- WORK REQUIRED -
From the data below, return only the lines from the one with "فنون الذكاء الاصطناعي،" through the one with "Линия 1 (жизни)", exact and inclusive, with pictures left out.

- INPUT MATERIAL -
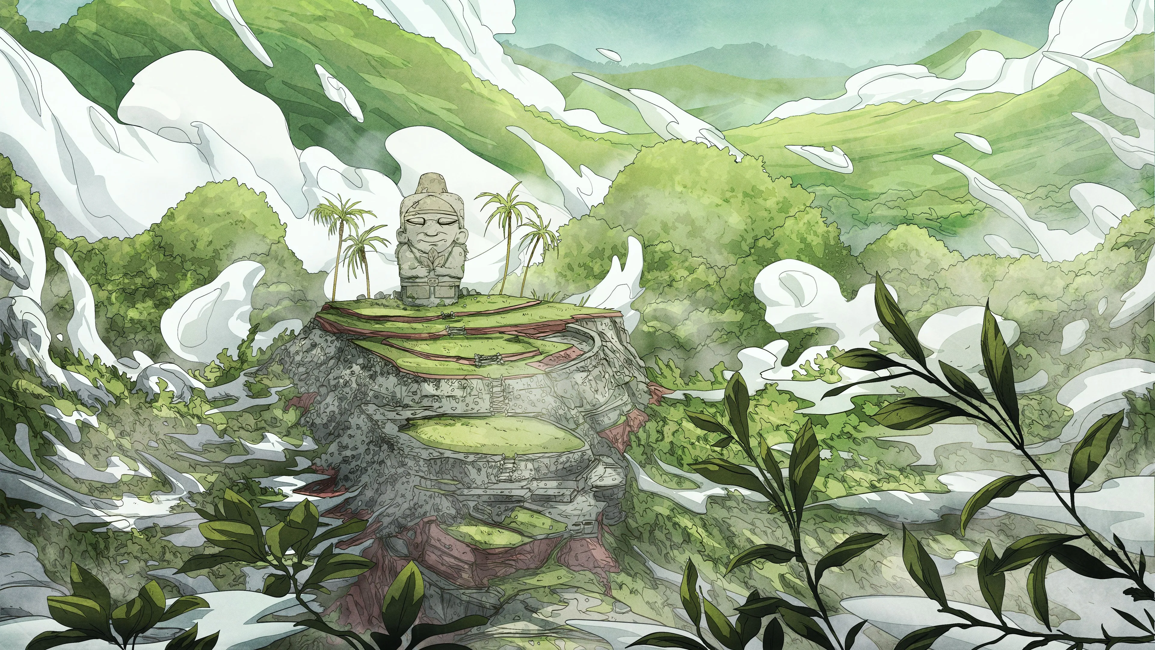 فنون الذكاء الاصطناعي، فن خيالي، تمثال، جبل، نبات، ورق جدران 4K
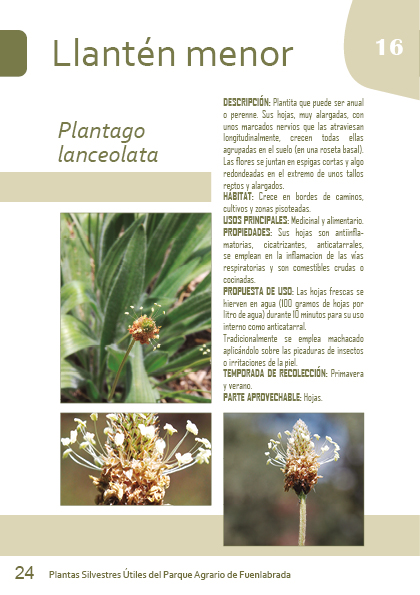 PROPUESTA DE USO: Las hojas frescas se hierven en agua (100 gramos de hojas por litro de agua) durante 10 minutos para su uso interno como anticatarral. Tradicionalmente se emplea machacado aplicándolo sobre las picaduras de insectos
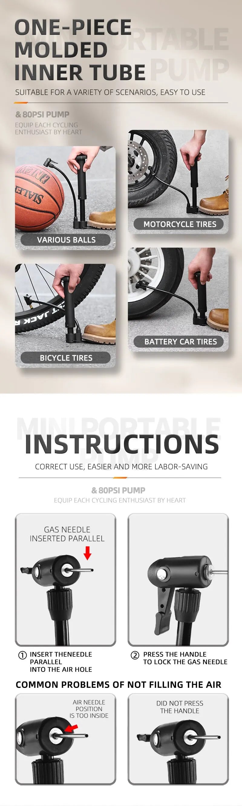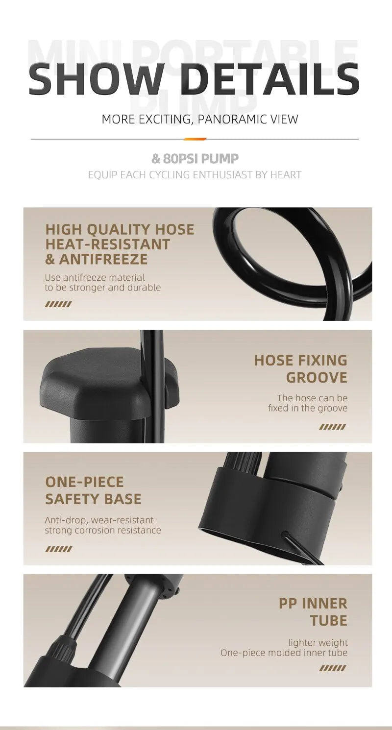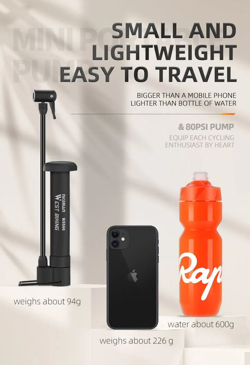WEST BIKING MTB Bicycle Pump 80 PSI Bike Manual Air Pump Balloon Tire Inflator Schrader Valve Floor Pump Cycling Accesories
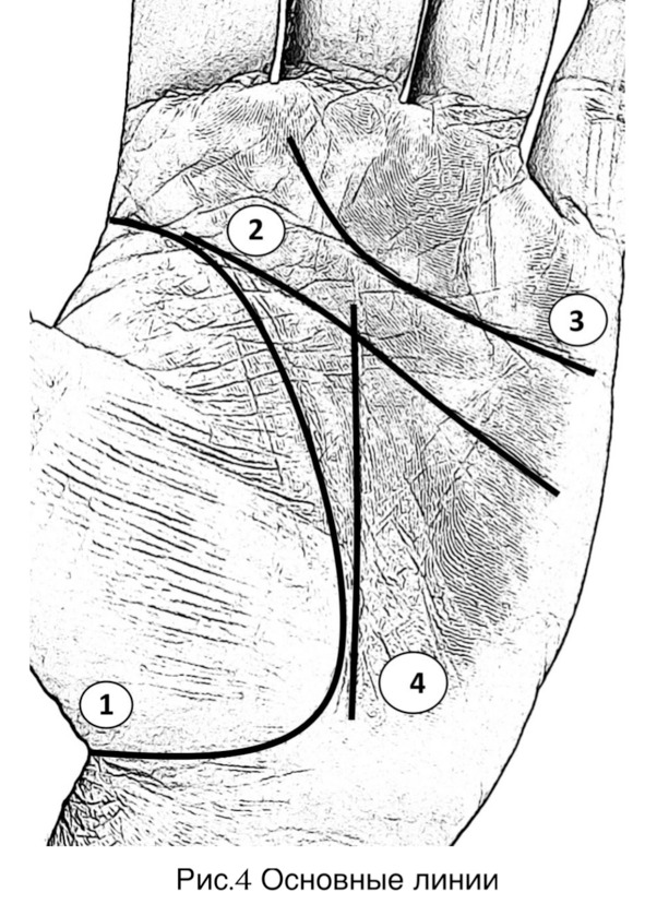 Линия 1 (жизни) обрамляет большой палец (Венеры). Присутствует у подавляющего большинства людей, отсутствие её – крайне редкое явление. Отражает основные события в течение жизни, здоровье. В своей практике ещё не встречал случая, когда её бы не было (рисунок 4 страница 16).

---

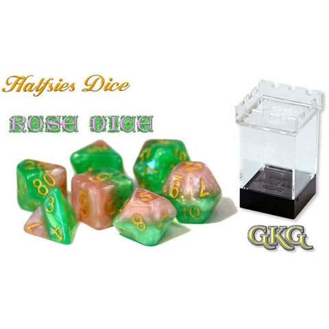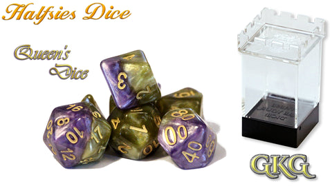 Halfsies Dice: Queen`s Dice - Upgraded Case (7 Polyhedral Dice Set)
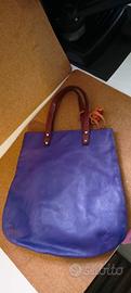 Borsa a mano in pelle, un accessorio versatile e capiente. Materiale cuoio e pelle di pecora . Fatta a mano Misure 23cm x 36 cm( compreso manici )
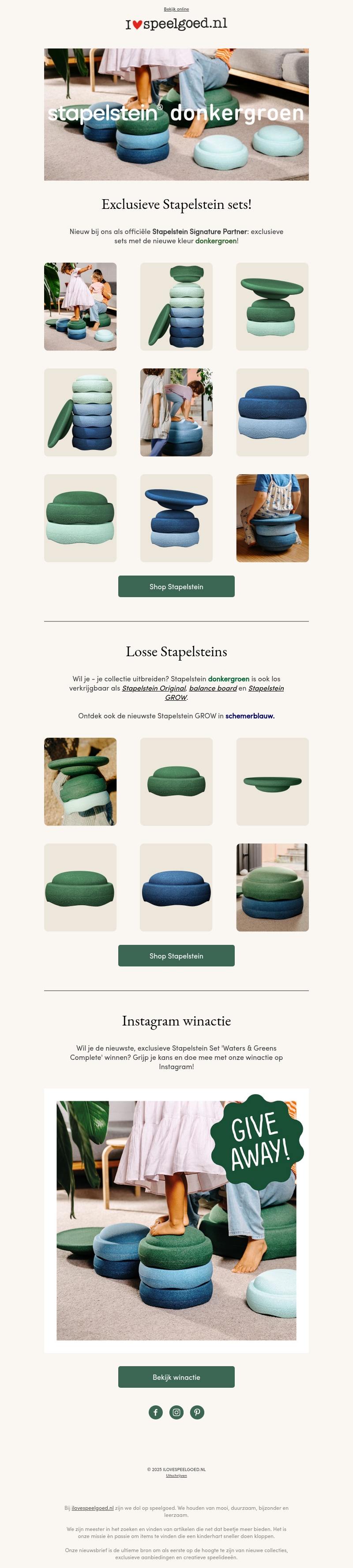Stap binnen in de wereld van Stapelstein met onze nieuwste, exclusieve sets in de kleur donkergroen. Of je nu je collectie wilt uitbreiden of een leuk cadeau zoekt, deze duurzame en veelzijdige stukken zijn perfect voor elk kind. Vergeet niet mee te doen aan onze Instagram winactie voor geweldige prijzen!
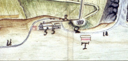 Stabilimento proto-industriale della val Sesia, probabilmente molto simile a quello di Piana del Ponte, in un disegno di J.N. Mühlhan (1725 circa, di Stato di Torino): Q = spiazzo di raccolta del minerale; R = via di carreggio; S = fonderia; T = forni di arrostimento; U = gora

- SOLUTION TO THIS TASK -
 فنون الذكاء الاصطناعي، فن خيالي، تمثال، جبل، نبات، ورق جدران 4K
 PROPUESTA DE USO: Las hojas frescas se hierven en agua (100 gramos de hojas por litro de agua) durante 10 minutos para su uso interno como anticatarral. Tradicionalmente se emplea machacado aplicándolo sobre las picaduras de insectos
WEST BIKING MTB Bicycle Pump 80 PSI Bike Manual Air Pump Balloon Tire Inflator Schrader Valve Floor Pump Cycling Accesories
 Линия 1 (жизни) обрамляет большой палец (Венеры). Присутствует у подавляющего большинства людей, отсутствие её – крайне редкое явление. Отражает основные события в течение жизни, здоровье. В своей практике ещё не встречал случая, когда её бы не было (рисунок 4 страница 16).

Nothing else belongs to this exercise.